Absolutely...because Virgin were rumoured struggling to raise the necessary funds and the price would have been low anyway because of the turmoil in the markets. Seriously, you shouldn't be investing in shares without doing your homework or paying someone to do it for you. That's madness.


----------



## TSThomas (18 Feb 2008)

Nationalisation's been bandied about for many months. Some weeks back the government even announced who'd take charge in the event it did happen.


----------



## Elphaba (18 Feb 2008)

Oops, I cant believe I missed all that, and I read the economist! I thought nationalization belonged to the Margaret Thatcher days, the word was not in my lexicon. I will put this one down to experience. I'm bowed but not beaten.
but will def. be more cautious in future.


----------



## Gautama (18 Feb 2008)

Buffett said:


> Correct. The government done this to protect taxpayers NOT to protect shareholders. I would be surprised at any payout by the government of more than 25 pence per share


 
I heard on Sunday that the UK government were expected to buy the shares at around the £0.50 mark.  Think NR were at £0.90 late last week, down from a high of £12.00+ last year.


----------



## Elphaba (18 Feb 2008)

I think Jeff Randall, shareholders lawyer will look for more than that!


----------



## Brendan Burgess (18 Feb 2008)

Elphaba said:



> I thought nationalization belonged to the Margaret Thatcher days



I think you might be mixing up nationalization with privatization. 

Are you reading the Tsimonoce ? It's a great magazine, but it gets things back to front a lot.

Brendan


----------



## Duffman (19 Feb 2008)

I have to own up myself and admit that I also bought shares a few weeks back believing that the bank would be sold & the shares would rise.  I am normally good on buying shares & up to now have only bought a diversified portfolio for the long term.  All I can say is that greed got the better of me & I can safely say 'never again'.  Thankfully I didn't invest too much.
One question I have though - I bought the shares on line with Goodbodies.  My question is - if there is compensation, how will that be paid out?  Will my shares simply be cancelled & the compensation credited to my account?  Has anyone heard of a similar situation?


----------



## Elphaba (19 Feb 2008)

Brendan said:


> Elphaba said:
> 
> I think you might be mixing up nationalization with privatization.
> 
> ...



A bit like the Gordon Brown & Alistair Darling. Margaret Thatcher was responsible for privatizing nationalized companies. Now its the other way around. I'm not the only one with shares in N. Rock or the only one whos lost out in recent times...


----------



## rmelly (19 Feb 2008)

Elphaba said:


> privatizing nationalized companies.


 
Not true - this comment would suggest the companies started private, were at some point nationalised, then later were privatised.
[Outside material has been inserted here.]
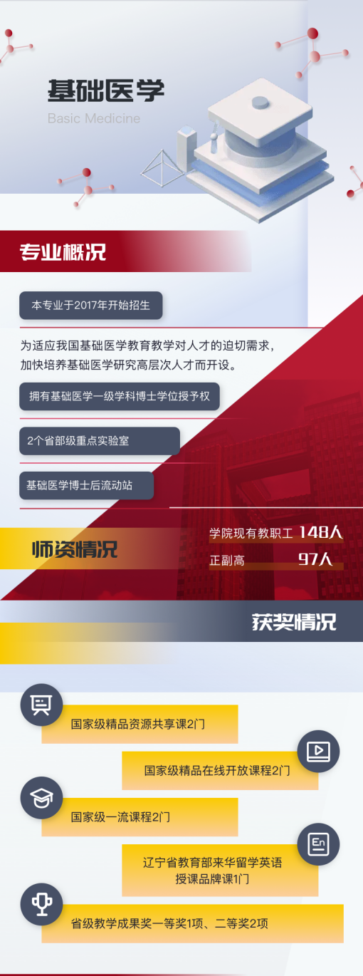 专业概况:本专业于2017年开始招生,为适应我国基础医学教育教学对人才的迫切需求,加快培养基础医学研究高层次人才而开设。拥有基础医学一级学科博士学位授权、一个省部级重点实验室以及基础医学博士后流动站。

As early as the week before last there were mumblings that the management & Virgin offers weren't acceptable by a LONG way...plus common sense would say that a private company getting the benefit while the government took the risk was never going to happen here.

As for Shareholder power - they will lose any court case because they are ultimately in the wrong, and anyone who bought in since the 'Run on the Bank' - for example the 2 private equity funds, are vultures attempting to take advantage of the British Governents propping the bank up and have no right to expect to profit or even break even.


----------



## Elphaba (19 Feb 2008)

rmelly said:


> Not true - this comment would suggest the companies started private, were at some point nationalised, then later were privatised.
> 
> As early as the week before last there were mumblings that the management & Virgin offers weren't acceptable by a LONG way...plus common sense would say that a private company getting the benefit while the government took the risk was never going to happen here.
> 
> As for Shareholder power - they will lose any court case because they are ultimately in the wrong, and anyone who bought in since the 'Run on the Bank' - for example the 2 private equity funds, are vultures attempting to take advantage of the British Governents propping the bank up and have no right to expect to profit or even break even.



Why complicate a simple fact. M. thatcher & conservative led government privatized government owned industries.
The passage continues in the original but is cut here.